### TASK
An exact transcription of every entry is required, with the images left out.

---+---

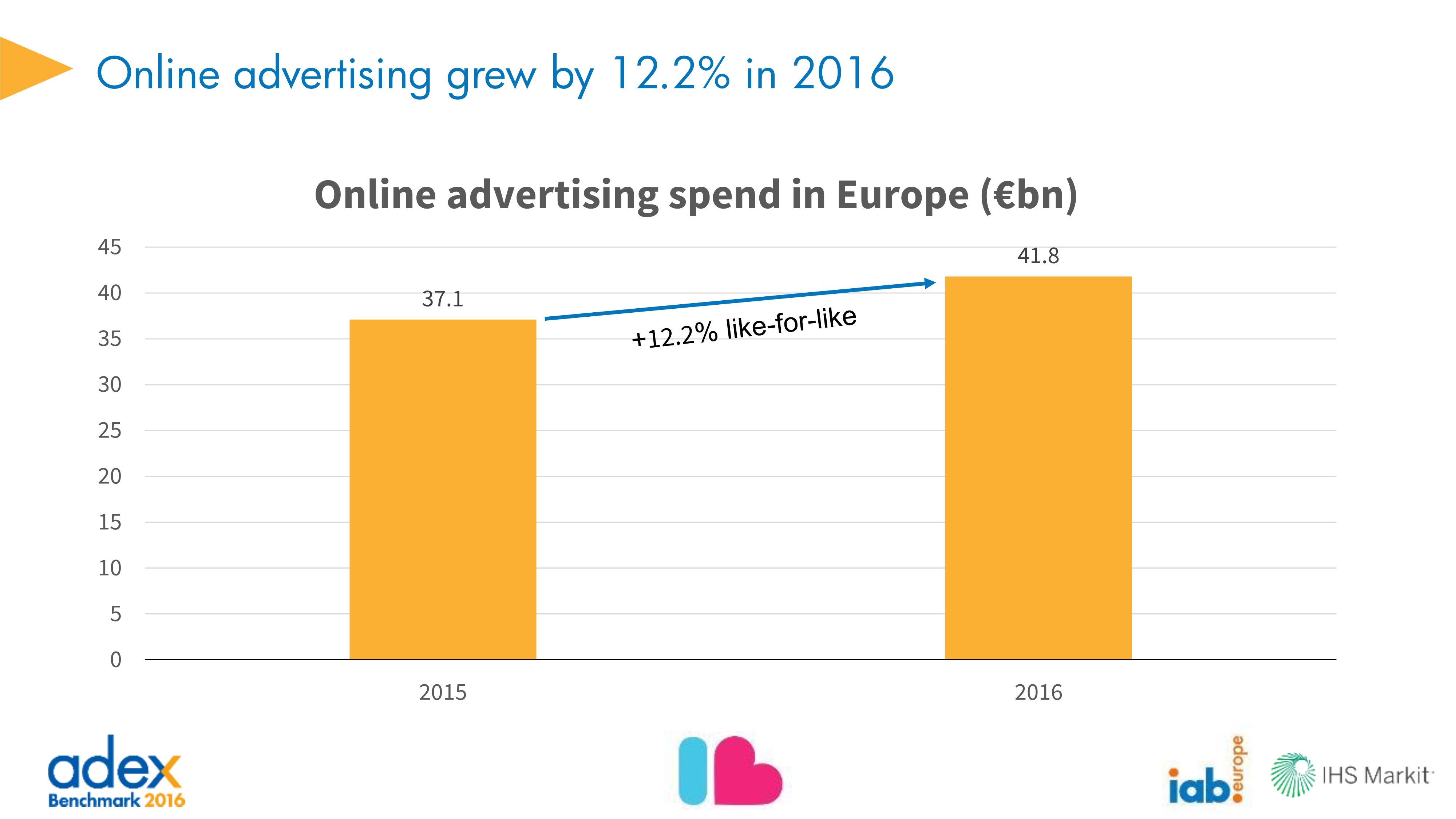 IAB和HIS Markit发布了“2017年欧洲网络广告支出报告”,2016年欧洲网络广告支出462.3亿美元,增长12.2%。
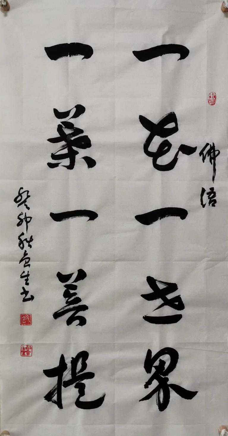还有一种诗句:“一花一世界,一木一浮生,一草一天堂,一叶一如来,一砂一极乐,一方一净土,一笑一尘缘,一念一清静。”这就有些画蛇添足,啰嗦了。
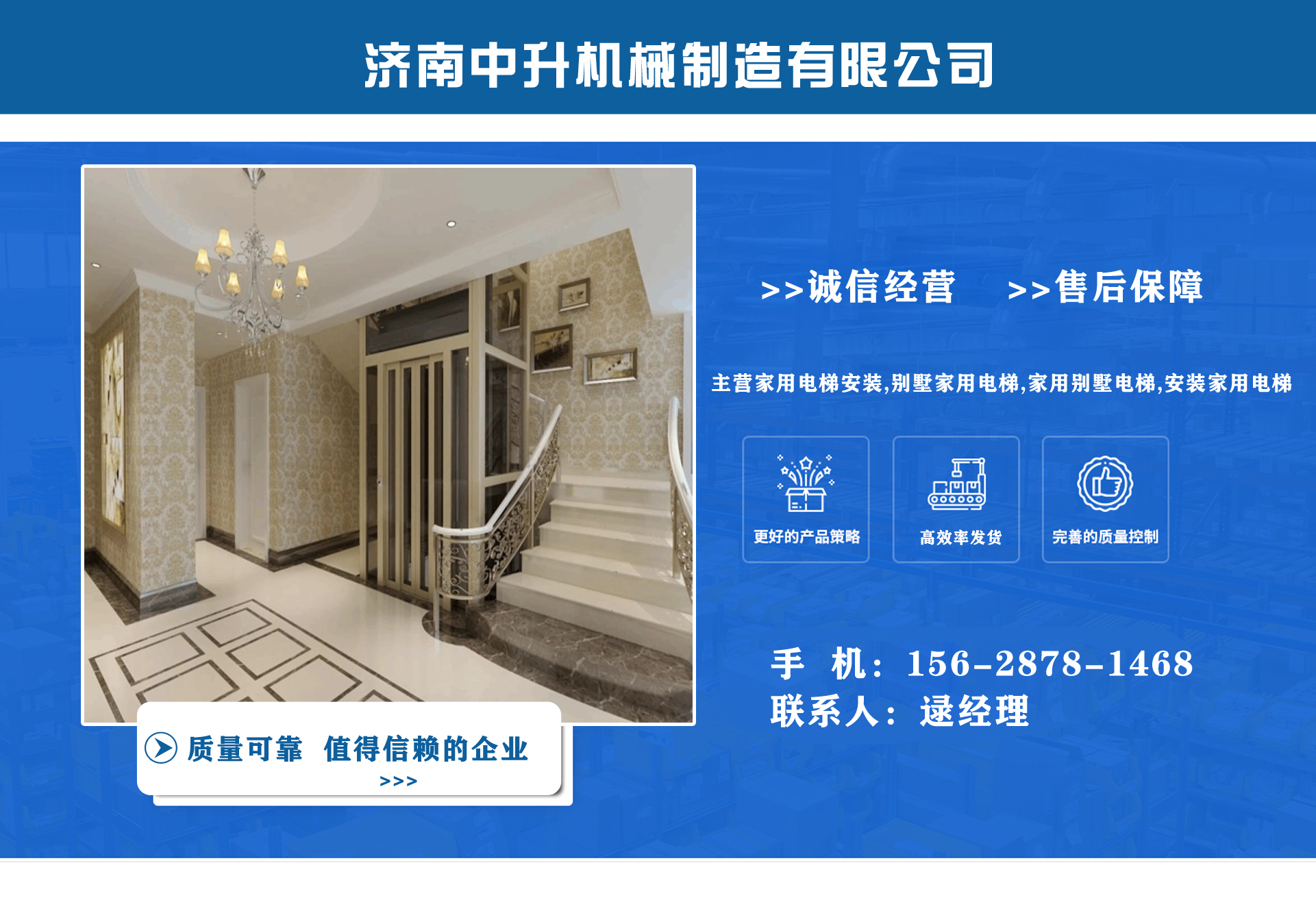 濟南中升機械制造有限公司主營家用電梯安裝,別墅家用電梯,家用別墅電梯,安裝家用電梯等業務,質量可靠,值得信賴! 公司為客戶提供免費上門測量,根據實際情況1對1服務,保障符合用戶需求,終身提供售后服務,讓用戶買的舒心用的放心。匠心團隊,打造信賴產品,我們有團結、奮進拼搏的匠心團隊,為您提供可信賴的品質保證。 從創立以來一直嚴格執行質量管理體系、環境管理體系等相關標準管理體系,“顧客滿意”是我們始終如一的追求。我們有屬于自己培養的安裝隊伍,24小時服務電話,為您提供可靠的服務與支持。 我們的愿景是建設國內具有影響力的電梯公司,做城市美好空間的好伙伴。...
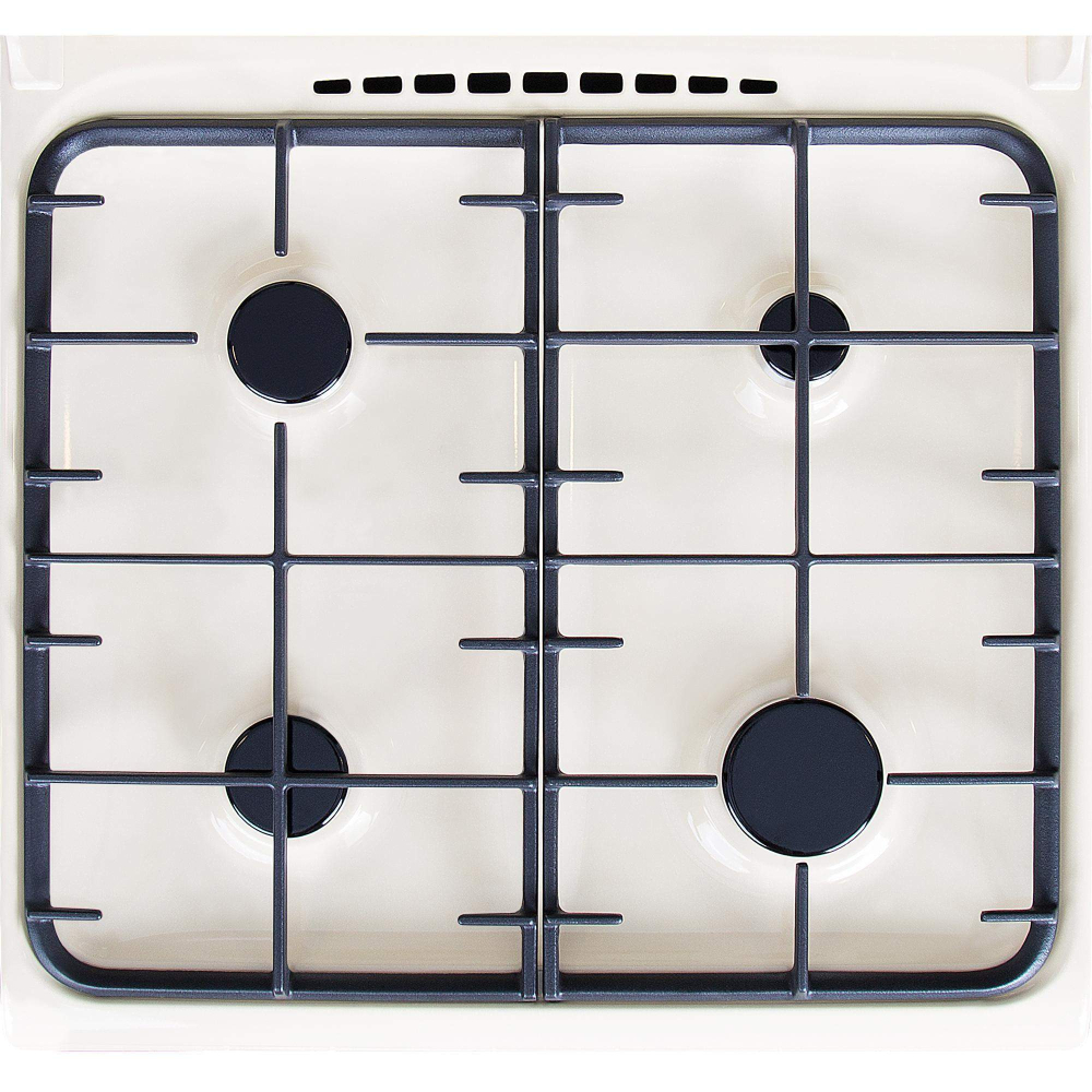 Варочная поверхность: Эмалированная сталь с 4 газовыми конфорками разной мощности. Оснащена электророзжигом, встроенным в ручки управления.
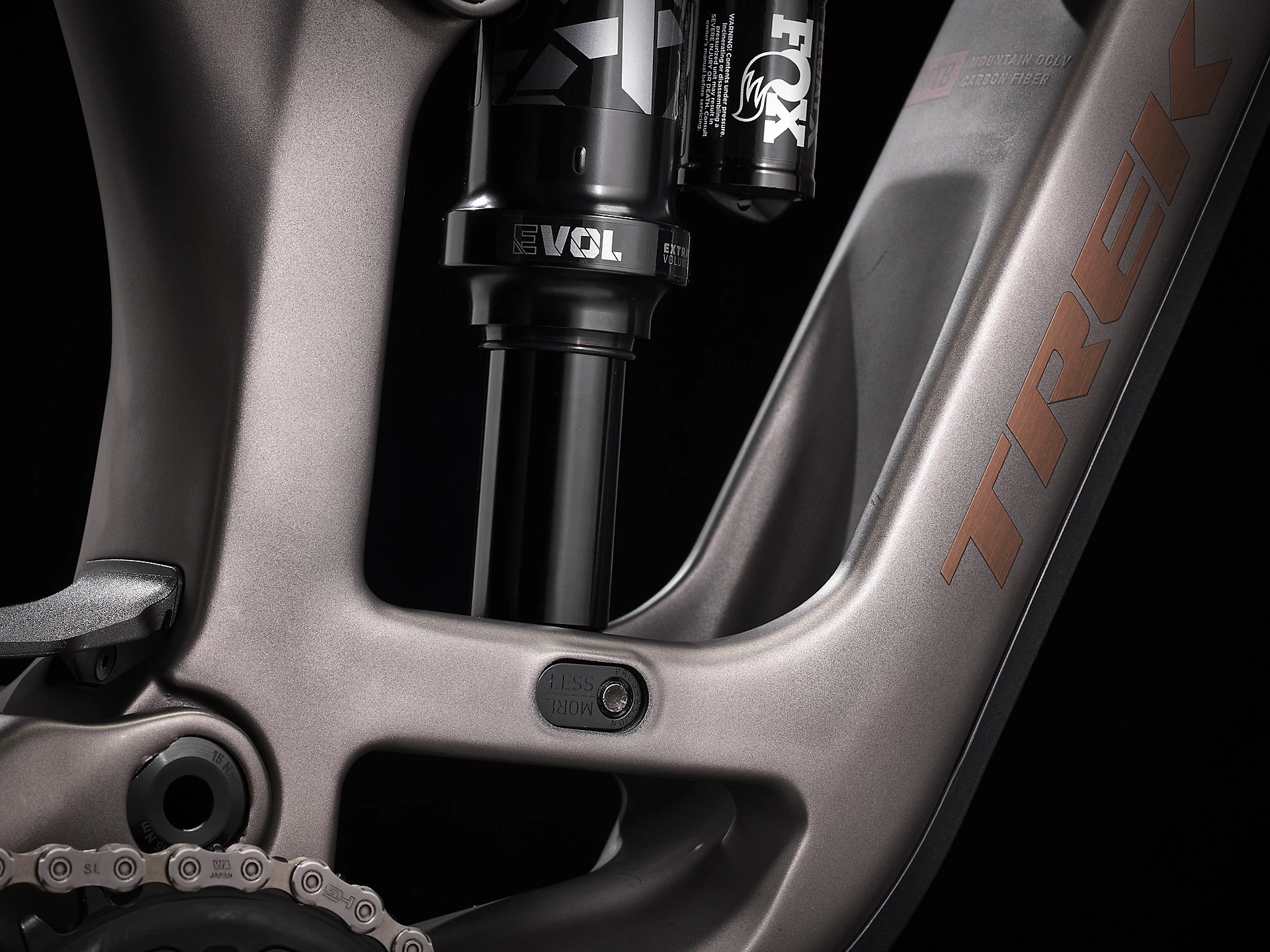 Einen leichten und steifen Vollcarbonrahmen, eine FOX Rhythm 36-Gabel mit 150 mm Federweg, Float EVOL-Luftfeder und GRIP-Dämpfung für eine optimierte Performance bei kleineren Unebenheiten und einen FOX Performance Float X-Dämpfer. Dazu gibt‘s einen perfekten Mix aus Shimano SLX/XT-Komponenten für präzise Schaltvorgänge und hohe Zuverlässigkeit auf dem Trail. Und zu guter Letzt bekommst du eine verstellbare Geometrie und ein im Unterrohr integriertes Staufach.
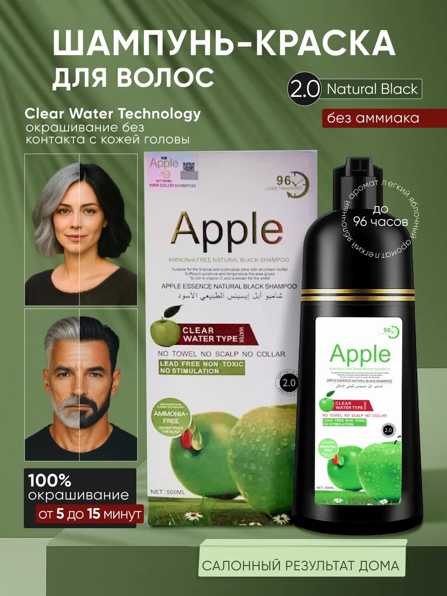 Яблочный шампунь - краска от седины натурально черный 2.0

---+---

### OUTPUT FOR THIS TASK
 IAB和HIS Markit发布了“2017年欧洲网络广告支出报告”,2016年欧洲网络广告支出462.3亿美元,增长12.2%。
还有一种诗句:“一花一世界,一木一浮生,一草一天堂,一叶一如来,一砂一极乐,一方一净土,一笑一尘缘,一念一清静。”这就有些画蛇添足,啰嗦了。
 濟南中升機械制造有限公司主營家用電梯安裝,別墅家用電梯,家用別墅電梯,安裝家用電梯等業務,質量可靠,值得信賴! 公司為客戶提供免費上門測量,根據實際情況1對1服務,保障符合用戶需求,終身提供售后服務,讓用戶買的舒心用的放心。匠心團隊,打造信賴產品,我們有團結、奮進拼搏的匠心團隊,為您提供可信賴的品質保證。 從創立以來一直嚴格執行質量管理體系、環境管理體系等相關標準管理體系,“顧客滿意”是我們始終如一的追求。我們有屬于自己培養的安裝隊伍,24小時服務電話,為您提供可靠的服務與支持。 我們的愿景是建設國內具有影響力的電梯公司,做城市美好空間的好伙伴。...
 Варочная поверхность: Эмалированная сталь с 4 газовыми конфорками разной мощности. Оснащена электророзжигом, встроенным в ручки управления.
 Einen leichten und steifen Vollcarbonrahmen, eine FOX Rhythm 36-Gabel mit 150 mm Federweg, Float EVOL-Luftfeder und GRIP-Dämpfung für eine optimierte Performance bei kleineren Unebenheiten und einen FOX Performance Float X-Dämpfer. Dazu gibt‘s einen perfekten Mix aus Shimano SLX/XT-Komponenten für präzise Schaltvorgänge und hohe Zuverlässigkeit auf dem Trail. Und zu guter Letzt bekommst du eine verstellbare Geometrie und ein im Unterrohr integriertes Staufach.
 Яблочный шампунь - краска от седины натурально черный 2.0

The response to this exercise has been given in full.